=== Problem statement ===
I need the lines below from the one with "信濃大町駅から徒歩3分。ソー" down to the one with "同学们来到毛主席像前,追忆毛" reproduced exactly, both ends included, and nothing else.

=== Supplied material ===
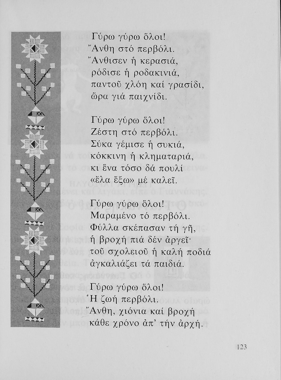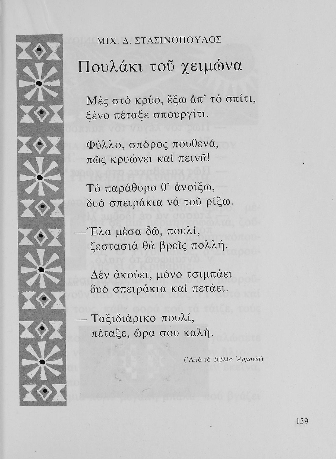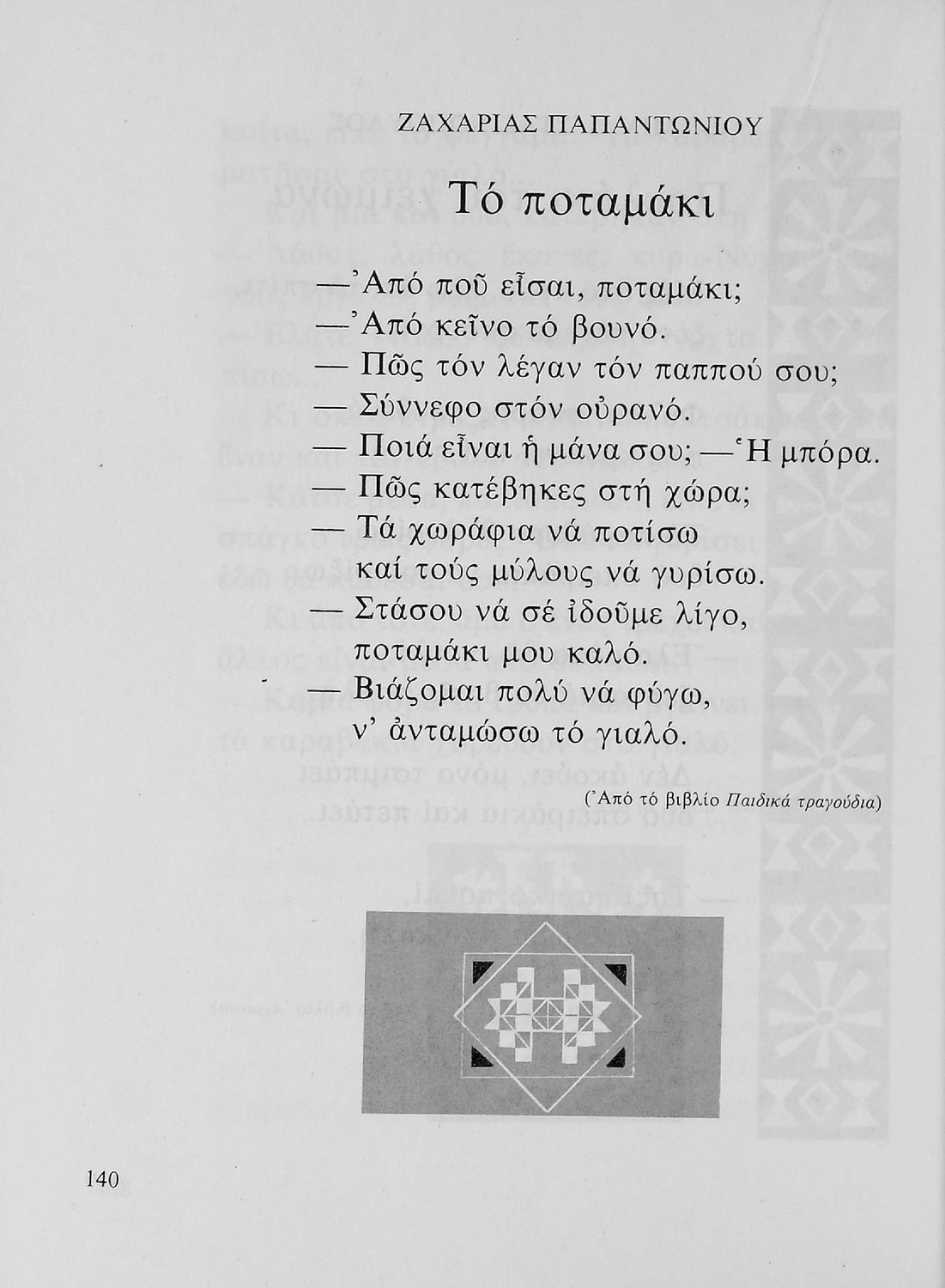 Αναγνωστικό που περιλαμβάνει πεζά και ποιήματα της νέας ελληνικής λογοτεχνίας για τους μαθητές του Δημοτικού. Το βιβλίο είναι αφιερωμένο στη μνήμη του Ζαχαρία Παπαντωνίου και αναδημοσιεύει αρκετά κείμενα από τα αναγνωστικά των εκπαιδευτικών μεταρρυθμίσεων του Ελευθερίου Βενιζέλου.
...
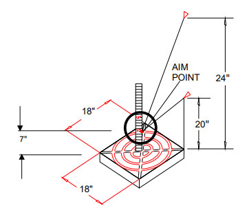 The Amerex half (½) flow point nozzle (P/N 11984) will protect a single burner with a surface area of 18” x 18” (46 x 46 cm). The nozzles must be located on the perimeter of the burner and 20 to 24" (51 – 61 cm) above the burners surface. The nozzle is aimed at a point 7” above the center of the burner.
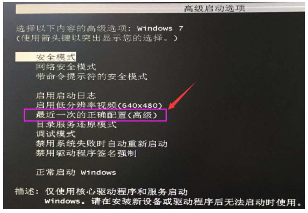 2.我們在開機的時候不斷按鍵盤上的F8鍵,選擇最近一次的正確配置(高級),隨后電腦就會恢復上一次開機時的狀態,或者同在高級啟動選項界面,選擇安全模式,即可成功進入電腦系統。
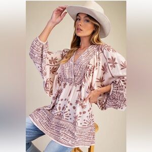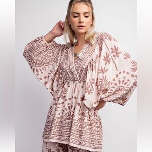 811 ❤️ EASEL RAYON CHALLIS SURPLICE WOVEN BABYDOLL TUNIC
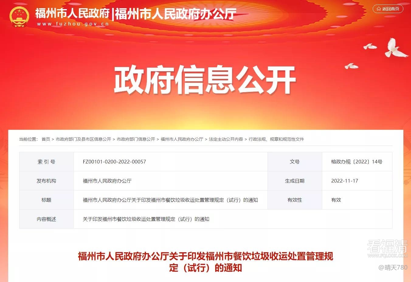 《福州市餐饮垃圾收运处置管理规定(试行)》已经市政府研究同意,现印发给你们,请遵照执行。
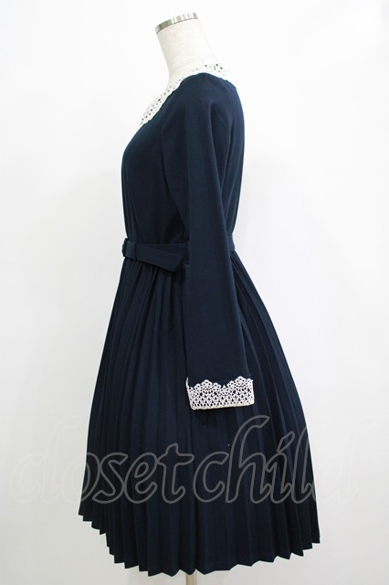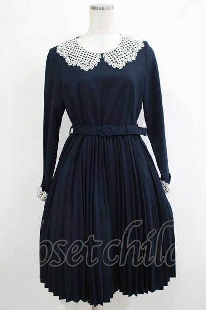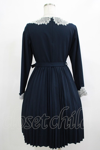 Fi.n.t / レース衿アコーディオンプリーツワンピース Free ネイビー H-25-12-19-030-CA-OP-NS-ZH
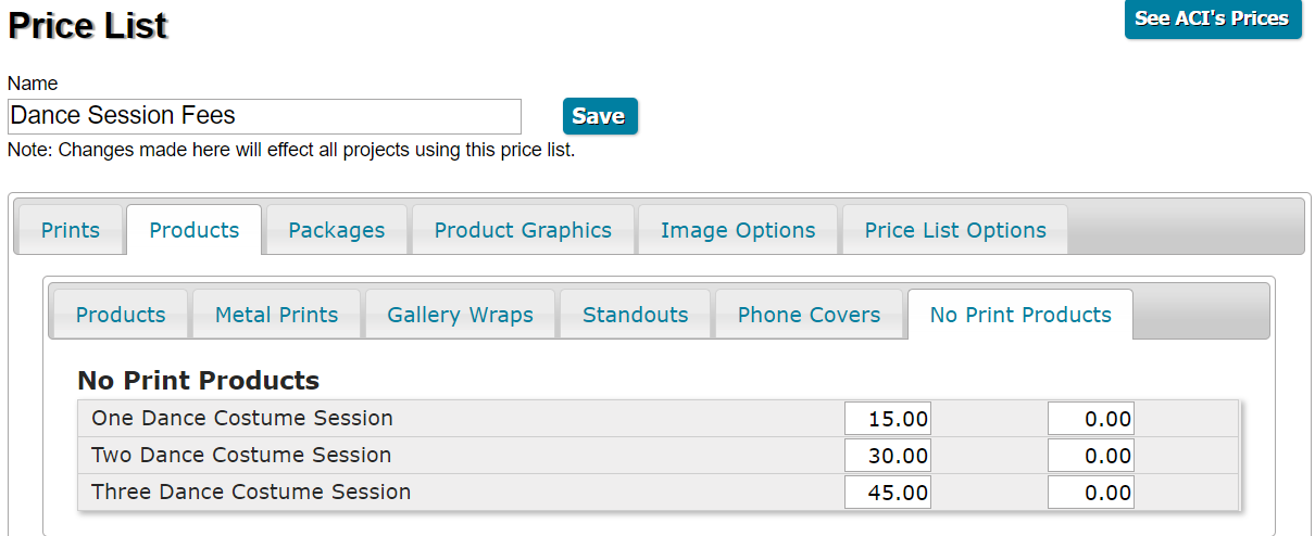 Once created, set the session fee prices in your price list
...
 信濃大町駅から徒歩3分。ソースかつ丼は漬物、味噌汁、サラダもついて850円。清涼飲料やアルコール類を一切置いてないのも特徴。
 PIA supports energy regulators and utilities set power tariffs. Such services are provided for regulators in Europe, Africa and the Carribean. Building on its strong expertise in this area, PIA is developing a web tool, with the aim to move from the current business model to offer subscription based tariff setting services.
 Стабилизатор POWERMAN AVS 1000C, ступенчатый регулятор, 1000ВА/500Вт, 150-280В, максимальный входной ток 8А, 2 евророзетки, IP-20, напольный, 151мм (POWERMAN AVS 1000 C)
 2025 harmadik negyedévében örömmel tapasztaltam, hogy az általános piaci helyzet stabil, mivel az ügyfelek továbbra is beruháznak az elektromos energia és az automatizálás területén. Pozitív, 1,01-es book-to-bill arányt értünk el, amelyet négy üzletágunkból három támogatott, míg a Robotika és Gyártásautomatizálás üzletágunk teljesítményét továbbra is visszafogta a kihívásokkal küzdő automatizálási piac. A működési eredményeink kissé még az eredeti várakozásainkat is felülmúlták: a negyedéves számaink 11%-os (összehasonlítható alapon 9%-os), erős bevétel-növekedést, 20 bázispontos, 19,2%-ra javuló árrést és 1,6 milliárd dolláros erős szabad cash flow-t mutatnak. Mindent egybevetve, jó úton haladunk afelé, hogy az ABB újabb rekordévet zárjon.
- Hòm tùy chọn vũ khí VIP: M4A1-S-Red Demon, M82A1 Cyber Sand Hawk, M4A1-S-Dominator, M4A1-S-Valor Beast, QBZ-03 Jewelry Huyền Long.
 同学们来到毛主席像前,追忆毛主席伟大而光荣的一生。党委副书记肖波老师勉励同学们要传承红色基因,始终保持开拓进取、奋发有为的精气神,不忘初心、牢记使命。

=== Result for this task ===
 信濃大町駅から徒歩3分。ソースかつ丼は漬物、味噌汁、サラダもついて850円。清涼飲料やアルコール類を一切置いてないのも特徴。
 PIA supports energy regulators and utilities set power tariffs. Such services are provided for regulators in Europe, Africa and the Carribean. Building on its strong expertise in this area, PIA is developing a web tool, with the aim to move from the current business model to offer subscription based tariff setting services.
 Стабилизатор POWERMAN AVS 1000C, ступенчатый регулятор, 1000ВА/500Вт, 150-280В, максимальный входной ток 8А, 2 евророзетки, IP-20, напольный, 151мм (POWERMAN AVS 1000 C)
 2025 harmadik negyedévében örömmel tapasztaltam, hogy az általános piaci helyzet stabil, mivel az ügyfelek továbbra is beruháznak az elektromos energia és az automatizálás területén. Pozitív, 1,01-es book-to-bill arányt értünk el, amelyet négy üzletágunkból három támogatott, míg a Robotika és Gyártásautomatizálás üzletágunk teljesítményét továbbra is visszafogta a kihívásokkal küzdő automatizálási piac. A működési eredményeink kissé még az eredeti várakozásainkat is felülmúlták: a negyedéves számaink 11%-os (összehasonlítható alapon 9%-os), erős bevétel-növekedést, 20 bázispontos, 19,2%-ra javuló árrést és 1,6 milliárd dolláros erős szabad cash flow-t mutatnak. Mindent egybevetve, jó úton haladunk afelé, hogy az ABB újabb rekordévet zárjon.
- Hòm tùy chọn vũ khí VIP: M4A1-S-Red Demon, M82A1 Cyber Sand Hawk, M4A1-S-Dominator, M4A1-S-Valor Beast, QBZ-03 Jewelry Huyền Long.
 同学们来到毛主席像前,追忆毛主席伟大而光荣的一生。党委副书记肖波老师勉励同学们要传承红色基因,始终保持开拓进取、奋发有为的精气神,不忘初心、牢记使命。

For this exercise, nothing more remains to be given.